Task objective: Take the entries below and print, exactly, the stretch from the line containing "This Gucci men's" through the line containing "(ولا يفطر مريضٌ", both included.

Data for review:
════════════════
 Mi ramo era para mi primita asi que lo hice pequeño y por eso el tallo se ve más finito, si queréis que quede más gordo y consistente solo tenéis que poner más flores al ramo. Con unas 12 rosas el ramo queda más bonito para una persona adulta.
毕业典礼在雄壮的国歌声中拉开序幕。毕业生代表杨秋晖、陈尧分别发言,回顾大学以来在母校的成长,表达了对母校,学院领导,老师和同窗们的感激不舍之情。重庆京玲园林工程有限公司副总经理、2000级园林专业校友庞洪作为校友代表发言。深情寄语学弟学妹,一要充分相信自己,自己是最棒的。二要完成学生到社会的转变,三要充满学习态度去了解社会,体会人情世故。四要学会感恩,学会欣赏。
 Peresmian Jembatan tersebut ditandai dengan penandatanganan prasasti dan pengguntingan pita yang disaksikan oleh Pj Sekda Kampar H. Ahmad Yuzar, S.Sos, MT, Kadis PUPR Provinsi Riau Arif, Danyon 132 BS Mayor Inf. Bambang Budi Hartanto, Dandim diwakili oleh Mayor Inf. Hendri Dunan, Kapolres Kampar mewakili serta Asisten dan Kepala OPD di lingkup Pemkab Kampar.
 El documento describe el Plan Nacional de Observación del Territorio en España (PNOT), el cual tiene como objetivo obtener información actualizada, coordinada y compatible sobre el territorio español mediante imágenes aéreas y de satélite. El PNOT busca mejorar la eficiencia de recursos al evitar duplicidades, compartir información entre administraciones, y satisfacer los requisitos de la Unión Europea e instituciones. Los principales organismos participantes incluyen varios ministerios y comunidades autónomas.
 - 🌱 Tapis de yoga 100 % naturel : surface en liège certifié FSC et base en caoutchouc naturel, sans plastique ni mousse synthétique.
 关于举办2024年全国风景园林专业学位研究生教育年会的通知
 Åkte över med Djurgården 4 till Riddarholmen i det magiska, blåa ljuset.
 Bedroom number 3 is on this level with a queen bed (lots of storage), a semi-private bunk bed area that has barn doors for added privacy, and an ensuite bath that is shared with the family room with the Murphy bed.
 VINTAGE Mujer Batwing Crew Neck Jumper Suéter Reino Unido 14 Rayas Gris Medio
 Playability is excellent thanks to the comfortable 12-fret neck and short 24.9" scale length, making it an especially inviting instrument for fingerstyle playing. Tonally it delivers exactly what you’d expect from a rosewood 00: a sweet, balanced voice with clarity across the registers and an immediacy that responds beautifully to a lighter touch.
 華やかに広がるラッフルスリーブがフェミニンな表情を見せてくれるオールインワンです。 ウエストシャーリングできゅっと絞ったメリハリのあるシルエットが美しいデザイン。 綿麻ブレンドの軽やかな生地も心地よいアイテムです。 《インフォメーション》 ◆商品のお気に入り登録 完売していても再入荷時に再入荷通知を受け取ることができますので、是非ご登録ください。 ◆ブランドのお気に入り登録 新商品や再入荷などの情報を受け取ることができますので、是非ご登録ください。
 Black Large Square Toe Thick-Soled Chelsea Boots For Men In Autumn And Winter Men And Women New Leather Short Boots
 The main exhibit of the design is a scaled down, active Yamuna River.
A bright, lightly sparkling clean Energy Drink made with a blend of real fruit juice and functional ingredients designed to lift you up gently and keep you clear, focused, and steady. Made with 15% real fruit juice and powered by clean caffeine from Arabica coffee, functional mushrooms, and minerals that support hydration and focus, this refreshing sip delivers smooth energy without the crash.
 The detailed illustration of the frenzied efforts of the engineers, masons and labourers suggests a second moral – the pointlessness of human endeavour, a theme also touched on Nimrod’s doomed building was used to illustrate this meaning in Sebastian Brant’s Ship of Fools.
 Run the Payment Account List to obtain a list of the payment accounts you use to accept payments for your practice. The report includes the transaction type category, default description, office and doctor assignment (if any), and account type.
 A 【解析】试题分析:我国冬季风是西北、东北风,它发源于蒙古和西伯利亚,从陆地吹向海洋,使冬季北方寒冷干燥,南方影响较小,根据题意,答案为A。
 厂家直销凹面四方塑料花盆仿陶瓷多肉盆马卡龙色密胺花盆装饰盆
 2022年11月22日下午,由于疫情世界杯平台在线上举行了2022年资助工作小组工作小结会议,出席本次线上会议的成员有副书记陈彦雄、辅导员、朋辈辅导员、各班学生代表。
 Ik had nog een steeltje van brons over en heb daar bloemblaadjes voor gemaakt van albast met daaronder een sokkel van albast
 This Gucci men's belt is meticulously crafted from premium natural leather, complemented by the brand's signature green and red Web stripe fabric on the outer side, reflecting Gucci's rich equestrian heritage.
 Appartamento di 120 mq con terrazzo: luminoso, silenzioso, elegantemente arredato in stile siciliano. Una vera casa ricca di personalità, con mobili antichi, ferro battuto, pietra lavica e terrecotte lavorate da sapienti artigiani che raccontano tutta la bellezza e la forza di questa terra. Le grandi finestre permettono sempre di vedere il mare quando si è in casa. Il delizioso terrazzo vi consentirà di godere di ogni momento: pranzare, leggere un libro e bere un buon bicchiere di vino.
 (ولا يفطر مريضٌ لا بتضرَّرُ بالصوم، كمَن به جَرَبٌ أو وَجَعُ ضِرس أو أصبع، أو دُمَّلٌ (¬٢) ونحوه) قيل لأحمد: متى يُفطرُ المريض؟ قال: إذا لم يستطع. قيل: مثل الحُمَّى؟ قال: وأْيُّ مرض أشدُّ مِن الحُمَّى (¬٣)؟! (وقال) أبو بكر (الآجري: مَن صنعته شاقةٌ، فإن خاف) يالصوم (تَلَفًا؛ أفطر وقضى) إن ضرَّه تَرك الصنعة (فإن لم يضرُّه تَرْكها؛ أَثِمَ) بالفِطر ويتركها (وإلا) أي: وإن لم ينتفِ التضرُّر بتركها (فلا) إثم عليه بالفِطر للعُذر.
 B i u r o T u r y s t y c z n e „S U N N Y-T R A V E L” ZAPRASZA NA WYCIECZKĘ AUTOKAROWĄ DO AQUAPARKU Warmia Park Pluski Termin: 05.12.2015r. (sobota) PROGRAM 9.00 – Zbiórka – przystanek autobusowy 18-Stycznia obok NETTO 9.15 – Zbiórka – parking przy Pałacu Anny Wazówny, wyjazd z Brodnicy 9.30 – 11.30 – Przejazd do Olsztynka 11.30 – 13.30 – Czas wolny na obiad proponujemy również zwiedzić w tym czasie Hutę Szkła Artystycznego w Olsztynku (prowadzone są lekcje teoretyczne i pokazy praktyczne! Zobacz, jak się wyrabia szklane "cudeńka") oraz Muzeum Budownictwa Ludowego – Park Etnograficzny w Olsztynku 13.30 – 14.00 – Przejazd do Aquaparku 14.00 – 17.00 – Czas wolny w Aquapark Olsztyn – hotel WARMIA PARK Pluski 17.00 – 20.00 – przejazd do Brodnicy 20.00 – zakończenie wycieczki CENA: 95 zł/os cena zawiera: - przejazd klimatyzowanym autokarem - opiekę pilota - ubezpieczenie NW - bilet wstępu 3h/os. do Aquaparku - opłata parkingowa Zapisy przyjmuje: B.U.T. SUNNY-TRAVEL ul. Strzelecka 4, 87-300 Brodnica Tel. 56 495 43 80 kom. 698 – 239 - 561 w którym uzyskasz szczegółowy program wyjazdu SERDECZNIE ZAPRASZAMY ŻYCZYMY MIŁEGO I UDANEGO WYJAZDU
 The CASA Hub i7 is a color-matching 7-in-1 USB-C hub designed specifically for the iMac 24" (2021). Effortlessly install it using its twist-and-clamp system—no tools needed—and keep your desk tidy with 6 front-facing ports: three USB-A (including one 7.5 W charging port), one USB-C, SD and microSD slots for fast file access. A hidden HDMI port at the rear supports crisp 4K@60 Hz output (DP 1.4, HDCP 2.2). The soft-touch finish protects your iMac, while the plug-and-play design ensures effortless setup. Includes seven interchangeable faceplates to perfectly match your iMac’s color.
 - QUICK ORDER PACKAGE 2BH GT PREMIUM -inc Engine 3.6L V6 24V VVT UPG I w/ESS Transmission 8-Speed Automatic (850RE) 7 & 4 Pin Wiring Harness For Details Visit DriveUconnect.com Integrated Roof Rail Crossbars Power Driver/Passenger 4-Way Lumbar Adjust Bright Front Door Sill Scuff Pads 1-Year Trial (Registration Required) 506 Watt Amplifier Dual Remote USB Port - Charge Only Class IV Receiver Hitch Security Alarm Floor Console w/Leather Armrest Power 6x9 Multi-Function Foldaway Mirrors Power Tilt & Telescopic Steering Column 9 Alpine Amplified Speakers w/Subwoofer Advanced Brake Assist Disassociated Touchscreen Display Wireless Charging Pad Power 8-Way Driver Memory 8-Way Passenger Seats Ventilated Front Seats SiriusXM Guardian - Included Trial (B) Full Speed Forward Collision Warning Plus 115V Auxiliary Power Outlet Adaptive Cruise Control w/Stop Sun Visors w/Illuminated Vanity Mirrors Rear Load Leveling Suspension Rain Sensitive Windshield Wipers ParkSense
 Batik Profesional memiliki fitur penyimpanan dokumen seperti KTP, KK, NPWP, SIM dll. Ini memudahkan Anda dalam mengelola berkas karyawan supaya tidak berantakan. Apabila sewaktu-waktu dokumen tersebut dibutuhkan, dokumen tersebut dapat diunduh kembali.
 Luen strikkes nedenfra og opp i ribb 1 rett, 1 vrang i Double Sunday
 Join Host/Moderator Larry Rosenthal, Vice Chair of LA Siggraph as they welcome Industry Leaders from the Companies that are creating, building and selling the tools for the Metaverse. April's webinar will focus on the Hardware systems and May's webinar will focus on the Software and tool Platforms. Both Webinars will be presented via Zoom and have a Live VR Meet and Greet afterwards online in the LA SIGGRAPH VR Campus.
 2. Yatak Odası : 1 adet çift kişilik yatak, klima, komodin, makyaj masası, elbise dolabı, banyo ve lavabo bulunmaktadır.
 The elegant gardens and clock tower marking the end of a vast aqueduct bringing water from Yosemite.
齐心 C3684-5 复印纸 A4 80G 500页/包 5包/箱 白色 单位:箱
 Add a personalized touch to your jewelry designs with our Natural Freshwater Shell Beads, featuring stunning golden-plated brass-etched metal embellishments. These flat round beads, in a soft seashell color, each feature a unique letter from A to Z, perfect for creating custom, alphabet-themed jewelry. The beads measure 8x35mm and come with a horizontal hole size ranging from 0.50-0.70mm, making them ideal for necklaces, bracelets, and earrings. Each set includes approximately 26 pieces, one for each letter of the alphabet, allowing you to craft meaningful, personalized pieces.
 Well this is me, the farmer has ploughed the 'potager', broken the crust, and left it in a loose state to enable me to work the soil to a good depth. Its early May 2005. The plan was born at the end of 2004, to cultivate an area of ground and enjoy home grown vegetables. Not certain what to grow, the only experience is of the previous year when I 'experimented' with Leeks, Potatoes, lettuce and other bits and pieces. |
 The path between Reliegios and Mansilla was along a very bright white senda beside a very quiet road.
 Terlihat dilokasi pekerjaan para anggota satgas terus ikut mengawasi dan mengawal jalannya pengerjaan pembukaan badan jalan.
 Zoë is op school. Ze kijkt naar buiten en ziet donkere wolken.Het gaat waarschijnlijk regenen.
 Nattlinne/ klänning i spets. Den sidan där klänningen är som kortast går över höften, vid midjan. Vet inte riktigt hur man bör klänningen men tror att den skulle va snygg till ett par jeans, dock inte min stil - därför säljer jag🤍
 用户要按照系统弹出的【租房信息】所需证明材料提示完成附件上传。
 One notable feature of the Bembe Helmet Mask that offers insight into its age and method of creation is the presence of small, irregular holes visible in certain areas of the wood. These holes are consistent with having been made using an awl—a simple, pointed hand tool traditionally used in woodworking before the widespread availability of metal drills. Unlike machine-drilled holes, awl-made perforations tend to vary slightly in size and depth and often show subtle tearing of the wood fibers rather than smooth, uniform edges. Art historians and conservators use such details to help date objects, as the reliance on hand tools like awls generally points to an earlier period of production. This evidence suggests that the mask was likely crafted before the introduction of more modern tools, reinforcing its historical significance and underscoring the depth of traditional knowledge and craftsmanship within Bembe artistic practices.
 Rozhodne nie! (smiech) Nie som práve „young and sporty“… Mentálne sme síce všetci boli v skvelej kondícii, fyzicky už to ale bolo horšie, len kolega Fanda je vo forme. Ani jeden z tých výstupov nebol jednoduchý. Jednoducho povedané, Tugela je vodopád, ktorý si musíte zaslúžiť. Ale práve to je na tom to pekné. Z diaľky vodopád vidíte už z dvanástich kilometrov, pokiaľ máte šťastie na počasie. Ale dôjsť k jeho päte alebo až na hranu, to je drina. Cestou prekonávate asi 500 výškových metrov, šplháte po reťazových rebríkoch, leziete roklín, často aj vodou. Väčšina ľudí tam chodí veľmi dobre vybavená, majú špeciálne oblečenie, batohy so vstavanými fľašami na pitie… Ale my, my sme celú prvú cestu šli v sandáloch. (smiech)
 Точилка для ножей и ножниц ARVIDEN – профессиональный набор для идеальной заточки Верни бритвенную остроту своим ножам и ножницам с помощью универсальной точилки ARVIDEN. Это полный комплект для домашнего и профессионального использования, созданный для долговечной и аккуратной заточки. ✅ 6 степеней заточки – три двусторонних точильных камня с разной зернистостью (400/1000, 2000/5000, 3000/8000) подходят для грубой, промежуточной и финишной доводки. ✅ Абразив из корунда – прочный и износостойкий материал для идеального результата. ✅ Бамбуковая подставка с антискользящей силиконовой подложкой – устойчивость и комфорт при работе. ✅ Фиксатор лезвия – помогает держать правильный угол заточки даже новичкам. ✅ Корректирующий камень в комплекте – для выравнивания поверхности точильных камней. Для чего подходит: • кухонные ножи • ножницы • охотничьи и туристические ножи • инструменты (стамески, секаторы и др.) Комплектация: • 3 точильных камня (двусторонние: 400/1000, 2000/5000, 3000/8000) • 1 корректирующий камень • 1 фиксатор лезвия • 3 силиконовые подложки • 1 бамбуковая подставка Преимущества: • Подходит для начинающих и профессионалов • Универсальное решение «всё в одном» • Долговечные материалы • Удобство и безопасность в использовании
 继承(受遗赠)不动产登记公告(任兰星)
════════════════
Written response:
 This Gucci men's belt is meticulously crafted from premium natural leather, complemented by the brand's signature green and red Web stripe fabric on the outer side, reflecting Gucci's rich equestrian heritage.
 Appartamento di 120 mq con terrazzo: luminoso, silenzioso, elegantemente arredato in stile siciliano. Una vera casa ricca di personalità, con mobili antichi, ferro battuto, pietra lavica e terrecotte lavorate da sapienti artigiani che raccontano tutta la bellezza e la forza di questa terra. Le grandi finestre permettono sempre di vedere il mare quando si è in casa. Il delizioso terrazzo vi consentirà di godere di ogni momento: pranzare, leggere un libro e bere un buon bicchiere di vino.
 (ولا يفطر مريضٌ لا بتضرَّرُ بالصوم، كمَن به جَرَبٌ أو وَجَعُ ضِرس أو أصبع، أو دُمَّلٌ (¬٢) ونحوه) قيل لأحمد: متى يُفطرُ المريض؟ قال: إذا لم يستطع. قيل: مثل الحُمَّى؟ قال: وأْيُّ مرض أشدُّ مِن الحُمَّى (¬٣)؟! (وقال) أبو بكر (الآجري: مَن صنعته شاقةٌ، فإن خاف) يالصوم (تَلَفًا؛ أفطر وقضى) إن ضرَّه تَرك الصنعة (فإن لم يضرُّه تَرْكها؛ أَثِمَ) بالفِطر ويتركها (وإلا) أي: وإن لم ينتفِ التضرُّر بتركها (فلا) إثم عليه بالفِطر للعُذر.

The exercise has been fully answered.